Mount disk as a volume

  1. Create a pv-azuredisk.yaml file with a PersistentVolume. Update volumeHandle with disk resource ID from the previous step. For example:

    apiVersion: v1kind: PersistentVolumemetadata: name: pv-azurediskspec: capacity: storage: 20Gi accessModes: - ReadWriteOnce persistentVolumeReclaimPolicy: Retain storageClassName: managed-csi csi: driver: disk.csi.azure.com readOnly: false volumeHandle: /subscriptions/<subscriptionID>/resourceGroups/MC_myAKSCluster_myAKSCluster_eastus/providers/Microsoft.Compute/disks/myAKSDisk volumeAttributes: fsType: ext4
  2. Create a pvc-azuredisk.yaml file with a PersistentVolumeClaim that uses the PersistentVolume.
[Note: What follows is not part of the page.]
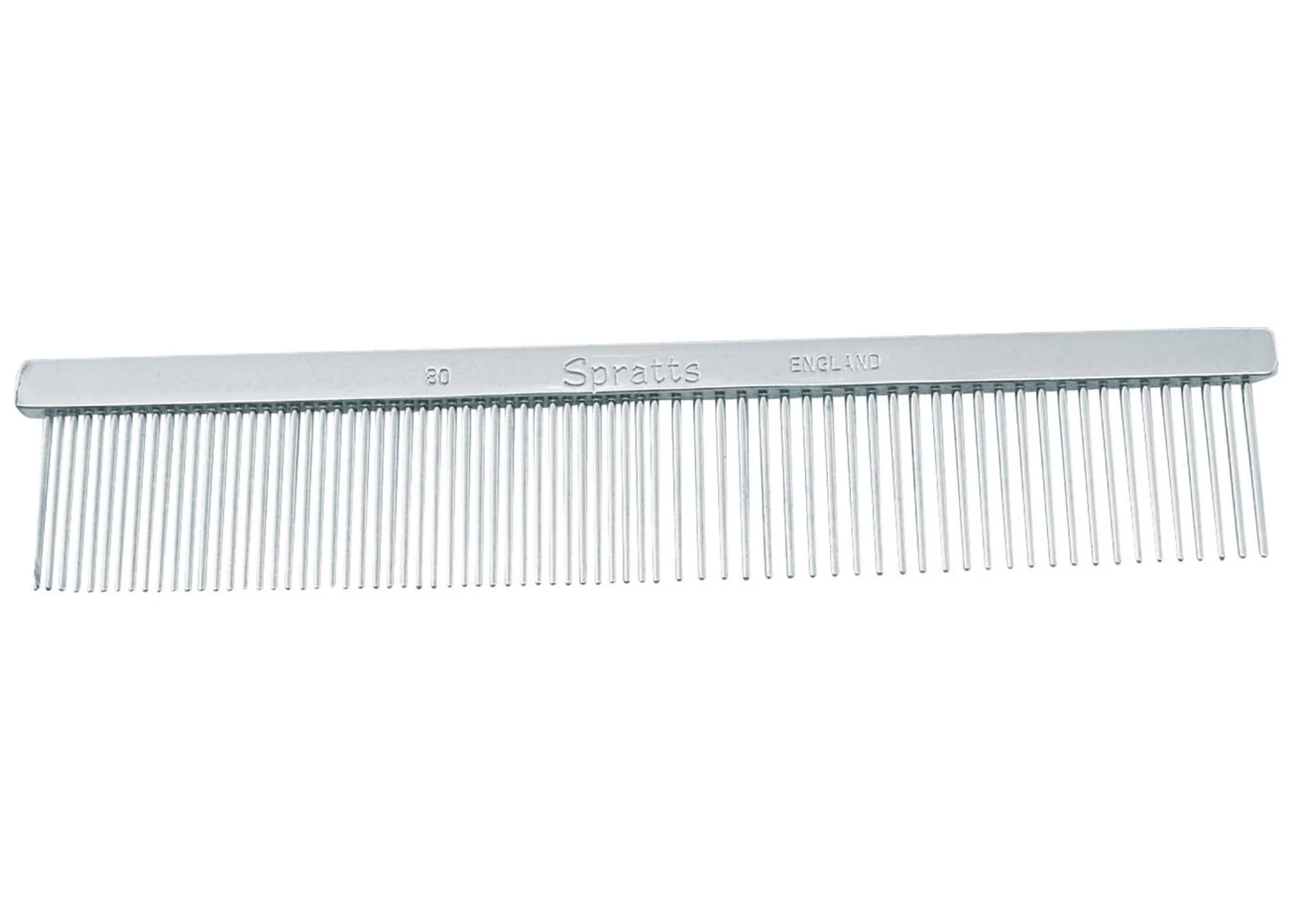 Spratts combs are all brass backed with extra dense chrome plating for show-dog coats. The teeth are individually hand set. Spratts combs come in a wide variety of different models and sizes, ensuring that there is a suitable comb for all breeds

For example:

    apiVersion: v1kind: PersistentVolumeClaimmetadata: name: pvc-azurediskspec: accessModes: - ReadWriteOnce resources: requests: storage: 20Gi volumeName: pv-azuredisk storageClassName: managed-csi
  3. Use the kubectl apply commands to create the PersistentVolume and PersistentVolumeClaim, referencing the two YAML files created earlier:

    kubectl apply -f pv-azuredisk.yamlkubectl apply -f pvc-azuredisk.yaml
  4. To verify your PersistentVolumeClaim is created and bound to the PersistentVolume, run thefollowing command:

    kubectl get pvc pvc-azuredisk

    The output of the command resembles the following example:

    NAME STATUS VOLUME CAPACITY ACCESS MODES STORAGECLASS AGEpvc-azuredisk Bound pv-azuredisk 20Gi RWO 5s
  5. Create a azure-disk-pod.yaml file to reference your PersistentVolumeClaim. For example:

    apiVersion: v1kind: Podmetadata: name: mypodspec: nodeSelector: kubernetes.io/os: linux containers: - image: mcr.microsoft.com/oss/nginx/nginx:1.15.5-alpine name: mypod resources: requests: cpu: 100m memory: 128Mi limits: cpu: 250m memory: 256Mi volumeMounts: - name: azure mountPath: /mnt/azure volumes: - name: azure persistentVolumeClaim: claimName: pvc-azuredisk
  6. Run the kubectl apply command to apply the configuration and mount the volume, referencing the YAMLconfiguration file created in the previous steps:

    kubectl apply -f azure-disk-pod.yaml

Next steps

  • To learn how to use CSI driver for Azure Disks storage, see Use Azure Disks storage with CSI driver.
  • For associated best practices, see Best practices for storage and backups in AKS.
Top Articles
Latest Posts
Article information

Author: Aracelis Kilback

Last Updated: 02/25/2023

Views: 6138

Rating: 4.3 / 5 (64 voted)

Reviews: 87% of readers found this page helpful

Author information

Name: Aracelis Kilback

Birthday: 1994-11-22

Address: Apt. 895 30151 Green Plain, Lake Mariela, RI 98141

Phone: +5992291857476

Job: Legal Officer

Hobby: LARPing, role-playing games, Slacklining, Reading, Inline skating, Brazilian jiu-jitsu, Dance

Introduction: My name is Aracelis Kilback, I am a nice, gentle, agreeable, joyous, attractive, combative, gifted person who loves writing and wants to share my knowledge and understanding with you.